In 2024, the Biden Administration secured the release of all four men, and the State Department reduced its travel advisory to Level 2.
Today, Chinese citizens who work for foreign companies, dual nationals, or even people of Chinese heritage and their family members may be at heightened risk of facing exit bans or arbitrary detention, experts say.
“There have been cases where the Chinese government does tend to regard ethnic Chinese as Chinese, even if their citizen documents say otherwise,” says Gabriel Wildau, China political risk analyst at Teneo, a global CEO consulting and advisory firm. “We’ve had cases where … the family members of Chinese people who are under investigation or fugitives are held as sort of hostages, subject to exit bans in China, as a means of leverage to try to get the actual target of the corruption investigation or the actual fugitive to return.”
Despite the heightened risks of business travel to China, Wildau says for the most part, travel to China is safe.
“Things have gotten a bit worse, but perceptions have outstripped the reality in terms of how bad things are,” he says. “Thousands of people enter and exit every month without incident.
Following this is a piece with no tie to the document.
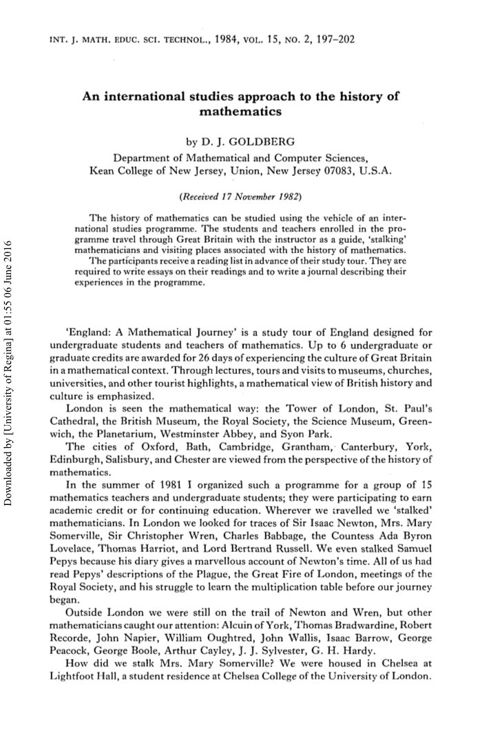 1981年夏天,我为15名数学教师和本科生组织了这样一个项目;他们为了获得学分或接受继续教育而参与项目。无论我们走到哪里,我们都在追寻数学家的踪迹。在伦敦,我们寻找艾萨克·牛顿爵士(Isaac Newton)、玛丽·萨默维尔夫人(Mary Somerville)、克里斯托弗·雷恩爵士(Christopher Wren)、查尔斯·巴贝奇(Charles Babbage)、艾达·拜伦·洛夫莱斯伯爵夫人(Ada Byron Lovelace)、托马斯·哈里奥特(Thomas Harriot)和伯特兰·罗素勋爵(Lord Bertrand Russell)的踪迹。我们甚至跟随塞缪尔·佩皮斯(Samuel Pepys)的踪迹,因为他的日记描述了奇迹般的牛顿时代。我们在研学开始之前,都读到了佩皮斯关于瘟疫、伦敦大火、皇家学会会议以及他努力学习乘法表的描述。

There are a few high-profile incidents that have gotten people’s attention, rightfully so. But I think to some extent, focusing on those incidents obscures the bigger picture, which is that for … the vast majority of people in the vast majority of situations, there’s no problem.”
Wildau, who regularly visits China for work himself, says that China is also granting more business visas than ever, including 10-year visas, and some countries experience visa-free travel to the country.
For business people planning to travel to China, these are some of the considerations before going, according to experts:
Consider your risk level. People linked to adversarial foreign governments, or working in sensitive industries, such as avionics, defense-related industries, or human rights law, may be at heightened risk of scrutiny.
Use a VPN. Though not foolproof, a virtual private network can protect your search history and provide access to websites blocked by the Great Firewall.
Protect your devices. Sophistical surveillance and tracking technology has opened up phones and other devices to monitoring. Consider bringing a burner phone if you wish to protect the contents of your device.
Check your documents. Make sure your passport and visa are up to date to avoid extra scrutiny or detention at Chinese customs.
Post-trip protocol. Assume that any devices taken to China have been compromised and have your company’s IT department do a thorough search for any malicious software.